Run Qwen models on your own GPU. Qwen3 introduces a hybrid thinking mode — the model can reason step-by-step or answer directly, controlled via system prompt.
GPU requirements
| Model | GPU | VRAM needed | Approx. cost |
|---|
| Qwen2.5-7B-Instruct | RTX 4090 (24 GB) | ~14 GB | ~$0.35/hr |
| Qwen3-32B | A100 80 GB | ~64 GB | ~$1.60/hr |
| Qwen2.5-72B-Instruct | A100 80 GB | ~72 GB | ~$1.60/hr |
| Qwen3-235B-A22B (MoE) | 2x H100 80 GB | ~60 GB each | ~$5.00/hr |
Deploy Qwen2.5 7B (RTX 4090)
runcrate instances create --name qwen-7b --gpu RTX4090
runcrate instances status qwen-7b
runcrate ssh qwen-7b -- "pip install vllm"
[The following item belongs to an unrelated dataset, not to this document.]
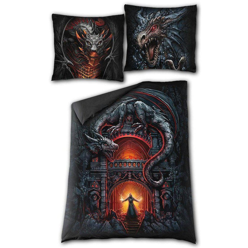 A striking Spiral single duvet cover with pillow case, which features a fire breathing dragon print, made in 100% cotton.

runcrate ssh qwen-7b -- "nohup python -m vllm.entrypoints.openai.api_server \
--model Qwen/Qwen2.5-7B-Instruct \
--max-model-len 8192 \
--port 8000 --host 0.0.0.0 \
> /root/vllm.log 2>&1 &"
Deploy Qwen3 32B (A100)
runcrate instances create --name qwen3-32b --gpu A100
runcrate ssh qwen3-32b -- "pip install vllm"
runcrate ssh qwen3-32b -- "nohup python -m vllm.entrypoints.openai.api_server \
--model Qwen/Qwen3-32B \
--max-model-len 8192 \
--port 8000 --host 0.0.0.0 \
> /root/vllm.log 2>&1 &"
Deploy Qwen3 235B MoE (2x H100)
runcrate instances create --name qwen3-235b --gpu H100 --gpu-count 2
runcrate ssh qwen3-235b -- "pip install vllm"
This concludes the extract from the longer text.